U.S. Sen. John McCain, R-Ariz., gave a speech Monday night that deserves to be heard or read by every American. McCain talked about what it means to be American, with all of its blessings and its obligations, and what America means to the world.

McCain was being honored with the Liberty Medal of the National Constitution Center in Philadelphia for his efforts to “secure the blessings of liberty to people around the globe.”

Press coverage of the event focused on McCain’s veiled shot at the Trump administration for shirking America’s leadership role in the world: “To fear the world we have organized and led for three-quarters of a century, to abandon the ideals we have advanced around the globe, to refuse the obligations of international leadership and our duty to remain ‘the last best hope of earth’ for the sake of some half-baked, spurious nationalism cooked up by people who would rather find scapegoats than solve problems is as unpatriotic as an attachment to any other tired dogma of the past that Americans consigned to the ash heap of history.”

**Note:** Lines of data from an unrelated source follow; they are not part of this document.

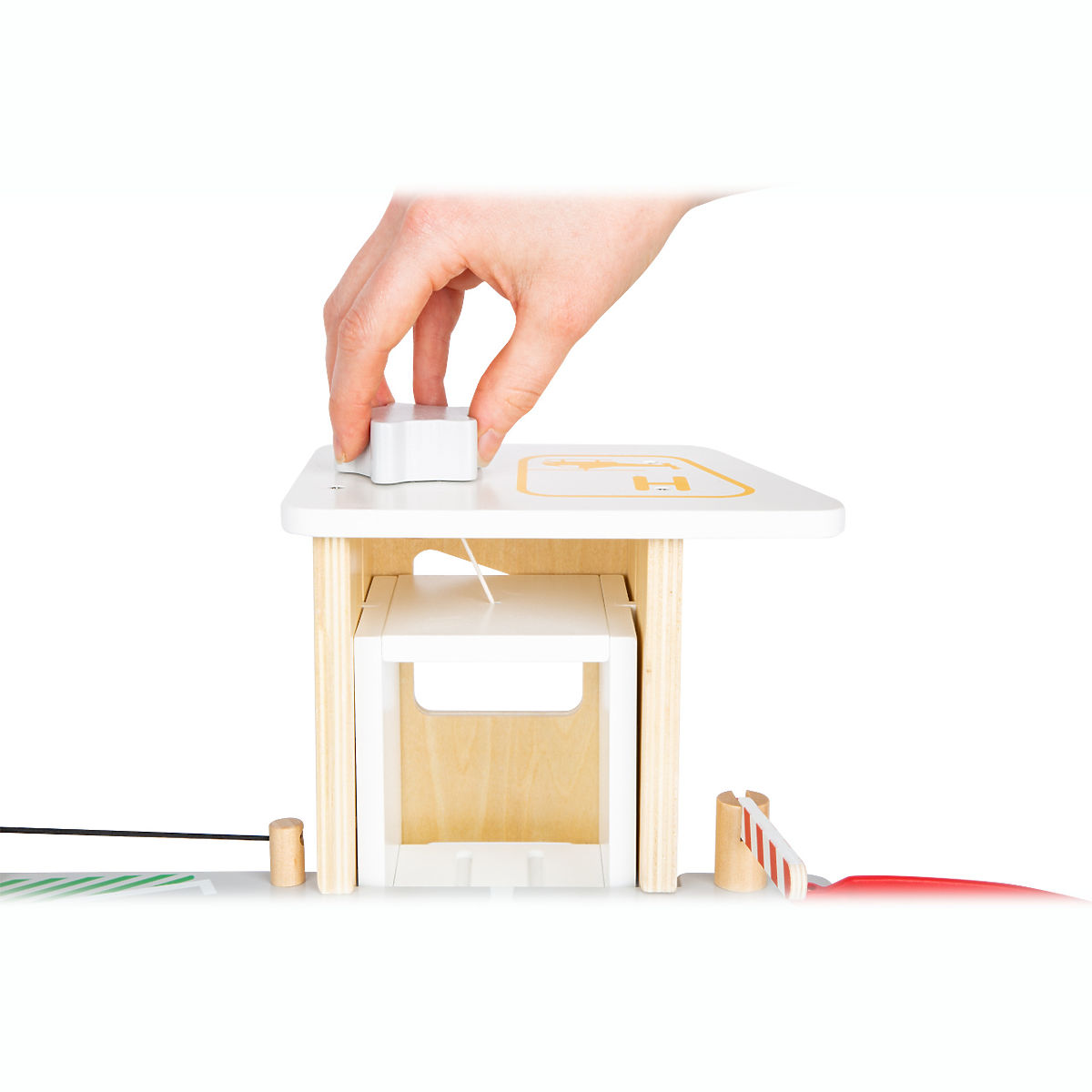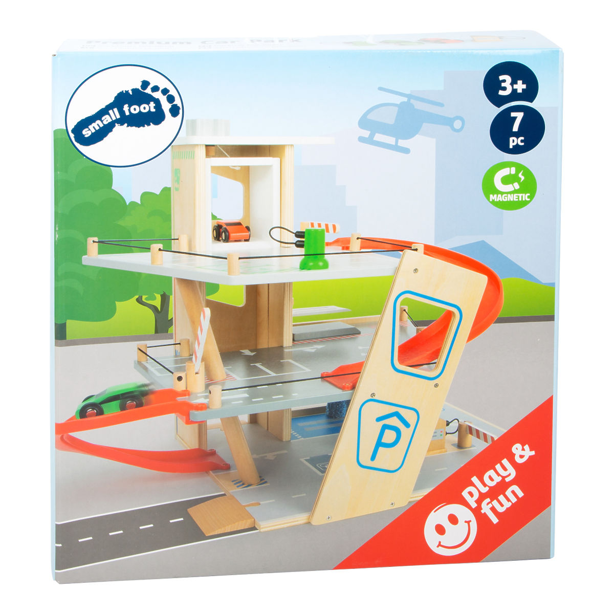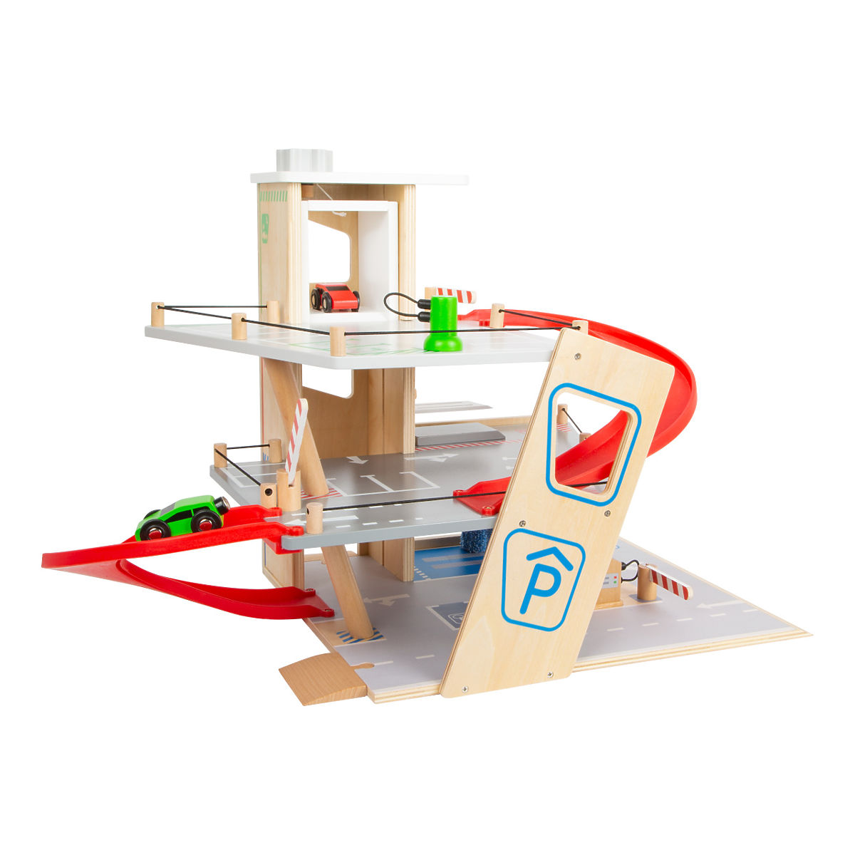 Parkujte, tankujte, umývajte alebo opravujte, a to všetko s jednou garážou! Ponúka tri bohato vybavené poschodia prepojené atraktívnym funkčným výťahom a zábavnými, na seba plynulo nadväzujúcimi rampami. Jej súčasťou je dvojica autíčok, ktoré môžu pri fantastických hrách využiť pumpu, nabíjaciu stanicu, zdvíhaciu rampu alebo umývačku s realistickými kefami. Každá z úrovní je navyše vybavená mechanickou závorou pre dokonale pútavé zážitky. Poschodia sú opatrené gumovým hrazením, ktoré dodávajú jazde autíčok na dynamike a bránia ich vypadnutiu. Garáž je podrobne zdobená mnohými farebnými ikonami a značením, ktoré do hier vnesú aj poučenie. Je vyrobená z pevnej, odolnej drevenej preglejky s doplnkami z masívneho dreva a nezávadného plastu. Výrobok vyžaduje montáž, dodáva sa s obrázkovým návodom na zostavenie. Hlavné vlastnosti: garáž a 2 autíčka, 3 poschodia prepojené funkčným výťahom a 2 rampami, pumpa, nabíjacia stanica, zdvíhacia rampa, umývačka a 3 závory, kompatibilné s vláčkodráhami a súvisiacim príslušenstvom iných výrobcov, bohato zdobené jednoduchými ikonami a značením, pevné a odolné drevené prevedenie
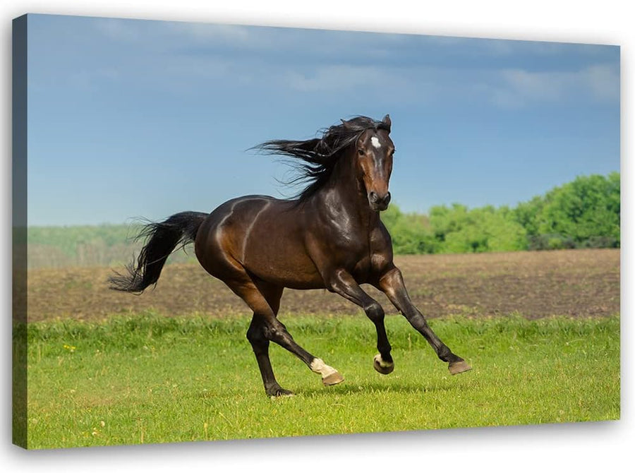 Feeby Vlies Leinwandbild Pferd Frei Laufen Wiese 90x60 cm Druckbild Wandbild Wanddekoration Deko Wan
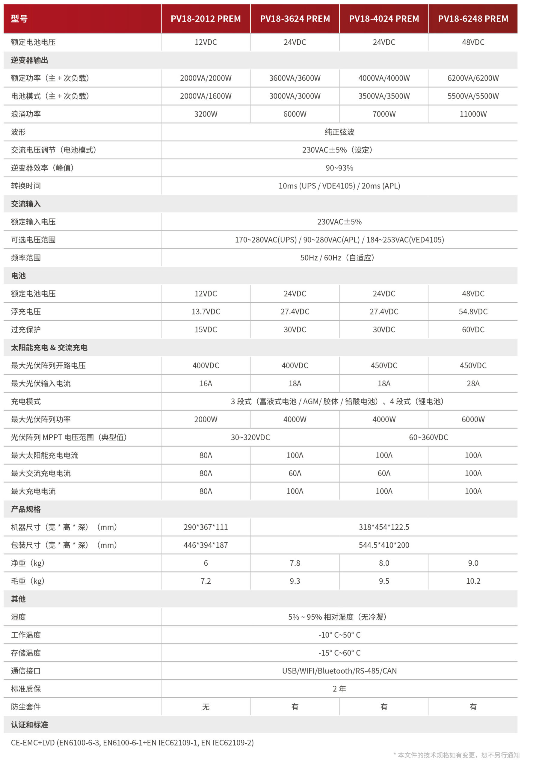 PV1800 PREM 是一款正弦波離網(wǎng)雙輸出逆變器,結(jié)合了逆變器、MPPT 太陽能充電器和市電充電和旁路輸出的功能,可為負(fù)載提供不間斷的電源輸出。無需電池即可運行。最大光伏陣列開路電壓可達(dá) 400V/450V,安裝太陽能板更加簡捷。

That was the money quote, but there was much more, including a condemnation of the “blood and soil” rhetoric of neo-Nazis who marched in Charlottesville, Va., in August:

“We live in a land made of ideals, not blood and soil. We are the custodians of those ideals at home, and their champion abroad. We have done great good in the world. That leadership has had its costs, but we have become incomparably powerful and wealthy as we did. We have a moral obligation to continue in our just cause, and we would bring more than shame on ourselves if we don’t. We will not thrive in a world where our leadership and ideals are absent. We wouldn’t deserve to.”

Context is as important as content. McCain, 81, has been given what he calls a “very poor prognosis” for an aggressive brain cancer. He appears to be writing the last chapter of an extraordinary life. He has gone from Naval Academy wild man to heroic prisoner of war to maverick Republican senator to conventional Republican nominee for president who, despite his “Country First” slogan, chose the spectacularly unqualified Sarah Palin as his running mate.

He is now back in maverick mode, casting the deciding vote against his party’s Obamacare repeal-and-replace bill in July. He voted against GOP tax cuts in 2001 and 2003 because they were fiscally irresponsible and tilted to the rich. He might do it again.

President Donald Trump was unhappy with McCain’s remarks, saying, “I’m being very, very nice but at some point I fight back, and it won’t be pretty.” To which McCain replied, “I have faced tougher adversaries.”

John McCain needs no lecturing on patriotism or duty. But his country still needs him.